ANKARA – Türkiye’de yaklaşık 7 milyon çalışan başta olmak üzere toplumun genelini ilgilendiren taban fiyat orta artırımla yüzde 30 artırılarak 5 bin 500 liraya çıkarıldı.
Asgari fiyatın artırımlı meblağı daha şimdiden temel tüketim eserlerine yapılan fahiş artırımlarla erirken, çalışana vereceği minimum fiyatı çok bulan birçok işyeri, yasa dışı yollara başvuruyor.
Özellikle son artırım ile birlikte çalışana minimum fiyat ödememek için farklı formüller deneyen patronlardan kimileri yatırdığı fiyatın bir kısmını elden geri alırken, kimisi de çalışma saatlerini artırıp fazla mesai fiyatlarını ödemiyor.
‘KAYIT DIŞI ÇALIŞTIRMA, EKSİK ÜCRET’
Birleşik Kamu İş Konfederasyonu Lideri Mehmet Balık, bu durumun uzun vakittir sorun yarattığını, fakat son periyotta daha da artığına vurgu yaptı. Yaşanan ekonomik krizin her alanda derinleştiğini söz eden Balık, “Asgari fiyata yapılan artırım patron ortasında şikayetleri artırdı. Zira çalışan başına ödenen maliyet de yükseldi. Bu yüzden kayıt dışı çalıştırma, eksik fiyat yatırma sayısı da bu periyotta arttı. Bize gelen şikayetler de bir artış kelam konusu.

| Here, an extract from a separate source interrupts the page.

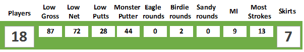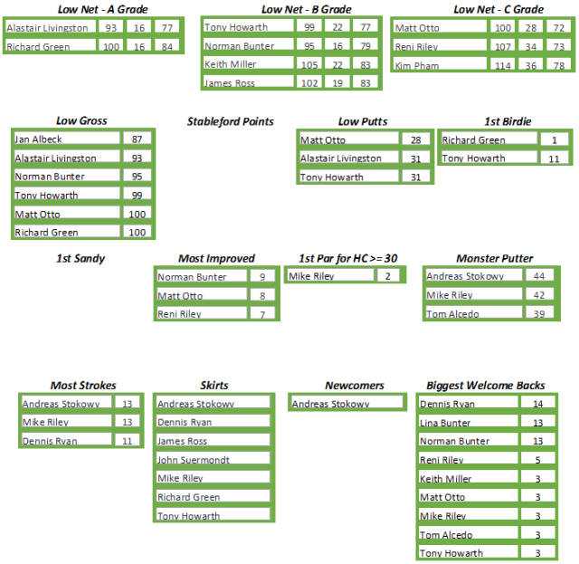 Jan Albeck, with just 4 qualifying rounds to his name prior to today – and therefore sans handicap, secured the only major prize he could, Low Gross, with an 87 off the stick. Well done him.

Bu kapsamda kontrolün artırılmasının yanında yeni iş alanları açılmalıdır. İktisat makûs, işsizlik yüksekken bu üzere durumlar ile çok karşılaşırız” dedi.
‘MAAŞIM HALA İKİ DEVİR EVVELKİ TABAN FİYATTA KALDI’
Maaşı minimum fiyattan gösterilip fakat taban fiyat alamayan emekçilerden biri Mersin’de faaliyet gösteren özel bir okulda bilgi süreç sorumlusu olarak misyon yapan Sevda Aral.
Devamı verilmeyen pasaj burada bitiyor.